IBM, which has grown its software business slower than key rivals, wants to help VARs sell more of its software.

The Armonk, N.Y.-based computer giant says it is rolling out a new portal that will provide push-button resources to help solution providers mix and match products from between their core competency and other IBM applications. The portal, which IBM is calling "Grow Your Business," launched in a quiet pilot program earlier this year but is going into a formal offering.

"In the tool when you go in there, you click on Websphere, it will show you a half dozen other products that will compliment Websphere that will allow you to cross-sell or up-sell into your existing installed base," said Michael Gerentine, vice president of global channel and SMB marketing for IBM.

IBM, which has a 3,000-SKU large software product catalog that could compare to a Russian novel, is offering 52 products in the Grow Your Business online tool that will provide for 60-different cross-brand solutions, the company said. The lineup will include some of IBM's top software names including WebSphere and Tivoli. The new offering also provides 800-number support for solution providers seeking assistance in developing cross-brand offerings, as well as an automated ROI calculator, so solution providers can determine how much investment they would need to make in training, certification and marketing expertise -- among other costs -- before taking on another product line.

The new effort is part of IBM's effort to catch up to competitors. Both Microsoft and Oracle, for example, have seen double-digit growth in their software businesses in recent quarters while IBM's software business has been growing at about 7 percent, year-over-year. In addition, IBM's software margins have been under pressure.

Daphne Brashear, co-founder of Island Training, a Durham, N.C.-based solution provider and IBM software channel partner, said she had found IBM's product lineup and information gateway to be frustrating in the past; she took part in the pilot test of the tool's rollout and gave it a thumbs-up.
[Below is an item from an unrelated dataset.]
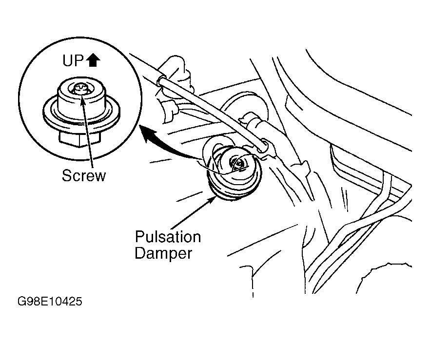 - Select ACTIVE TEST mode on scan tool. Using Lexus scan tool manufacturer's instructions, activate electric fuel pump. On all models except GS300 and SC300, fuel pump is operating if fuel pump operating sound can be heard or pulsations can be felt in fuel line near fuel filter. On GS300 and SC300, check that fuel pressure pulsation damper screw rises when fuel pump operates. See Fig 2.

"Most of the sense of frustration would be because there was so much information that was available," Brashear said. "Most of us rely on the Web interface for information. There is excellent technical sales and marketing support, but for speed you like to get on the Web. There was so much information there and it could be a very time-consuming process to get the information you needed.

"It's unbelievable how much this has streamlined the process," Brashear said.

Satish Jipster, vice president of marketing for Pengrine, a Charlotte, N.C., solution provider that also piloted the portal, said his company should be able to expand from the Tivoli product line it had delivered to customers to also include software like DB2 and WebSphere. Both Jipster and Brashear estimate the tool will enable them to push their sales growth on IBM's platforms to between 10 percent and 20 percent.

In addition to software partners, IBM is making the tool available to solution providers who focus on hardware, including the company's mid-range servers.